This tragedy occurred a few weeks ago but I thought you might enjoy it all the same 🙂
We’re out of coffee.
It’s 7:00am on a Saturday and we’re out of coffee. People are dying, babies are being born, children are starving but I can’t be bothered because we’re out of coffee.
Coffee, also known as java, is usually a hot beverage that one drinks in the morning. It comes from beans and, in our house, anyway, contains caffeine. But on this morning our Kuerig remains cold and our coffee cups are clean. Why, you ask? Because we’re out of coffee.
I never drank coffee, also known as nectar of the gods, until about ten years ago. I looked at coffee drinkers in wonder, they were a strange group of individuals. Almost always adults, or adult wannabes, and they loved their hot drink. My own Mother always kept coffee brewing. The woman could drink an entire pot and take a nap. She was special like that. She would have never been in my current situation. She always had coffee.
Whenever I heard people say, “I need my coffee” it was nearly always over dramatic and worthy of an award. It was just a little extreme and I could never stop my eyes from rolling when I witnessed one of these performances. Don’t get me wrong, I’ve had my vices. I’ve needed a cigarette, I’ve needed ice cream, why would anyone need coffee? It just didn’t make sense until today, when we were out of coffee.
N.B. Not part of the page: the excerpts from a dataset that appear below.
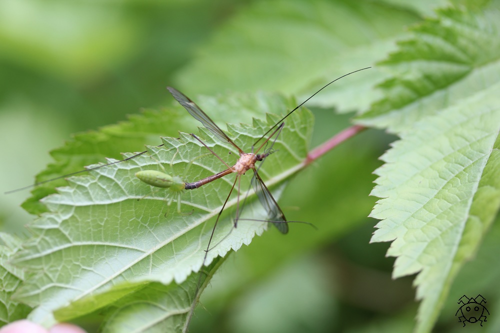 ワカバグモがガガンボの仲間を捕獲
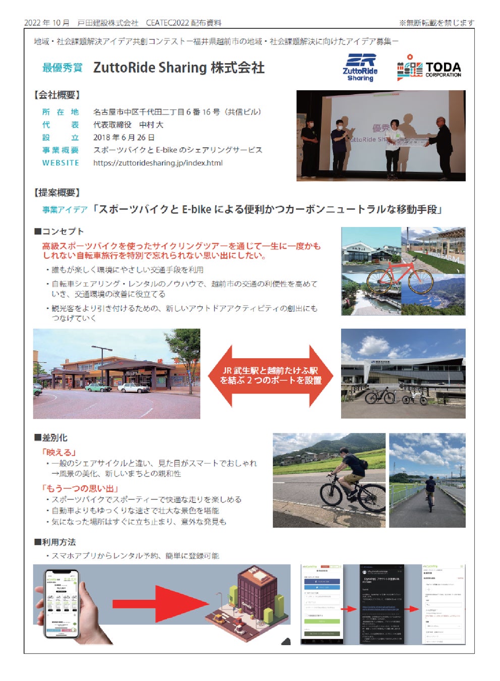 ZuttoRide Sharing株式会社(本社:愛知県名古屋市、代表取締役:中村大)は北陸新幹線の新駅「越前たけふ駅」周辺での官民連携のパートナー企業である戸田建設株式会社(本社:東京都中央区、社長:大谷 清介)が主催するスタートアップ企業を対象とした「地域・社会課題解決アイデア共創コンテスト」にて優秀賞を受賞いたしました。
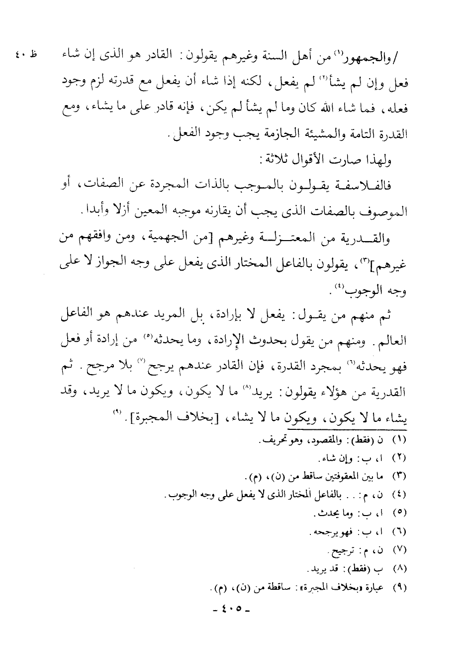 وَالْجُمْهُورُ (¬1) مِنْ أَهْلِ السُّنَّةِ وَغَيْرِهِمْ يَقُولُونَ: الْقَادِرُ هُوَ الَّذِي إِنْ شَاءَ فَعَلَ وَإِنْ لَمْ يَشَأْ (¬2) لَمْ يَفْعَلْ، لَكِنَّهُ إِذَا شَاءَ أَنْ يَفْعَلَ مَعَ قُدْرَتِهِ، لَزِمَ وُجُودُ فِعْلِهِ، فَمَا شَاءَ اللَّهُ كَانَ وَمَا لَمْ يَشَأْ لَمْ يَكُنْ، فَإِنَّهُ قَادِرٌ عَلَى مَا يَشَاءُ، وَمَعَ الْقُدْرَةِ التَّامَّةِ وَالْمَشِيئَةِ الْجَازِمَةِ يَجِبُ وُجُودُ الْفِعْلِ.
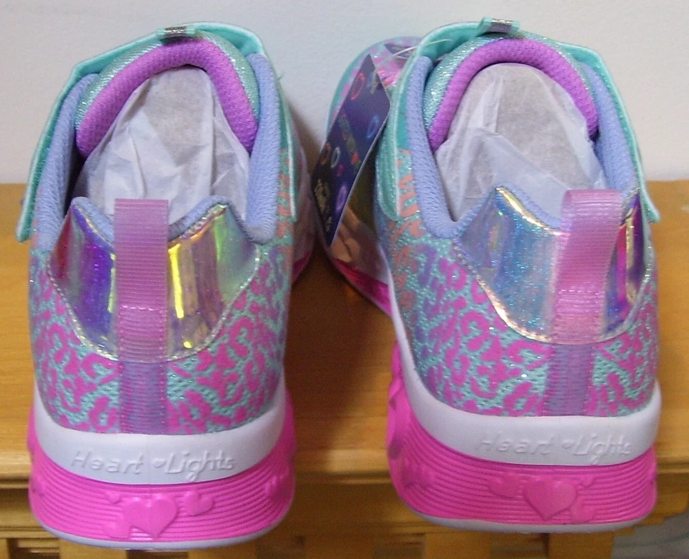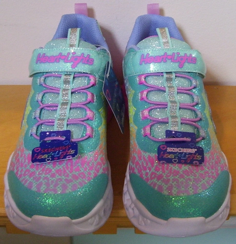 Big Girls/Youth Skechers Flutter Heart On/Off Lights LOVES WILD Turquoise/ Multi Sneakers. Size 4. New without box. Smoke and Pet free home. Winning bidder to pay within 3 days listing end. Check out my other listings for more great deals! RETURN POLICY DETAILS Returns are accepted with prior approval ONLY if item is misrepresented in the listing. You must contact me first before returning an item. I do NOT accept returns for buyer choosing the wrong size/item not fitting. There are NO returns/refunds on pageant and special occasion wear.
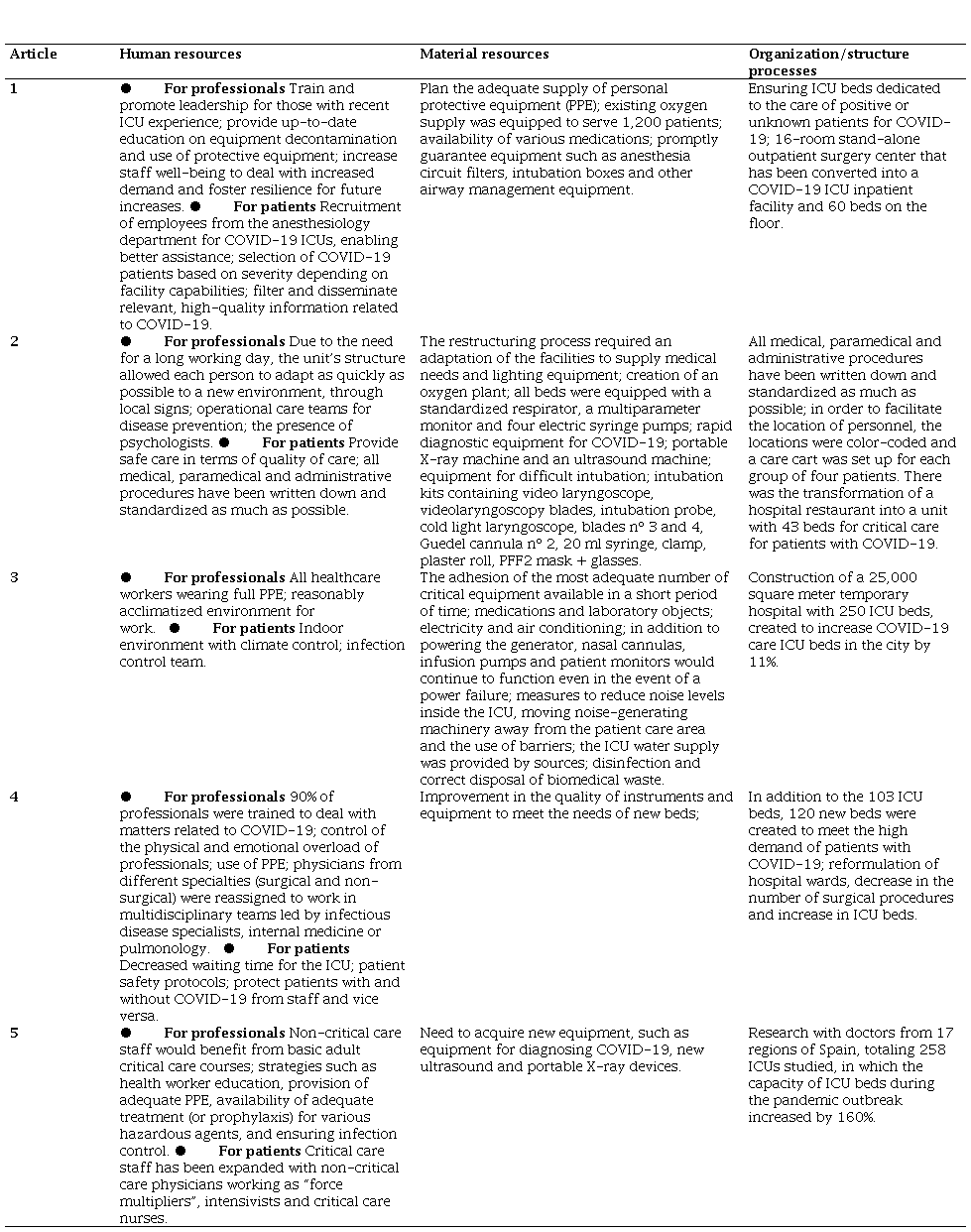 The main elements necessary for structuring and restructuring ICU to meet the pandemic scenario demands are HR: professional training to care for patients with COVID-19 and correct use of PPE, an increase in the number of healthcare professionals, an increase in strategies for team and patient well-being, relocation of professionals among care sectors, presence of psychologists in services to assist professionals and greater adherence to the use of PPE; MR: increased supply of adequate PPE, increased supply of oxygen, increased supply of medications and increased need for equipment such as anesthesia circuit filters, mechanical ventilators, intubation boxes and other equipment for airway management; and organization/structure processes: increased demand for hospitalization beds, including ICU, and adaptation of facilities for COVID-19 hospitalization sectors.
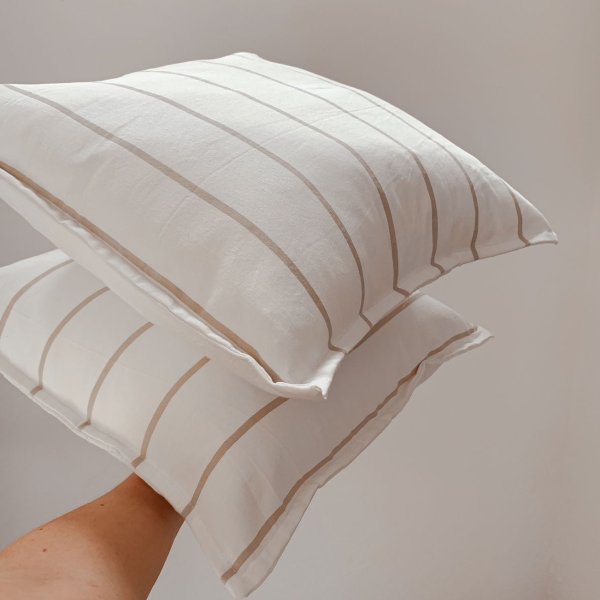 Almohadones en género Tusor pesado con rayas tejidas, terminación pespunte.
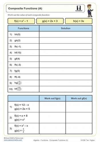 Practicing composite function worksheets can also improve students’ critical thinking skills and problem-solving abilities. By engaging with a variety of composite function problems, students learn to analyze functions, apply mathematical rules and properties, and make connections between different concepts within mathematics.

My morning drink was Coca Cola. Cold, strong, the first drink would make my my ears itch and my throat burn. That worked in Oklahoma where summers are long and hot and winters are wimpy. It was moving to Canada, where I was outnumbered, that my addiction began. I can remember driving by coffee shops and asking my Canadian husband, “What are all those cars in line for? What is that place”? He would reply solemnly, “It’s Tim Hortons… It’s a coffee shop”. This just didn’t make sense to me. “And they all want coffee”?! He never rolled his eyes at me or if he did, I didn’t notice because I was busy counting the cars. Maybe they were out of coffee.
Living in a place where the summers are short and the winters seem to last ten months, I suppose it was only normal that succumb to their ways. I started my addiction like a lot of people do, a social coffee drinker. I then worked up to the hard core I’ve-got-to-have-my-coffee drinker that I am today. “Did you know that caffeine is a drug”? One of our daughters asked me one morning. “There’s caffeine in chocolate, go to school”, I replied. When did I become this coffee drinker person?
I understand the need for coffee being as much an emotional need as a physical one. I am at a point in my life where I have been getting up earlier. It is always dark when I flip the kitchen light on and turn on the coffee pot. I make my coffee and add my Southern Pecan creamer and grab my iPad. I sit in the darkness checking out Facebook and sipping my coffee. It is hot, and rich and makes me feel safe and comfortable. It helps me wake up and it is familiar. It reminds me of my Mother and I love that. Except for this morning because we’re out of coffee.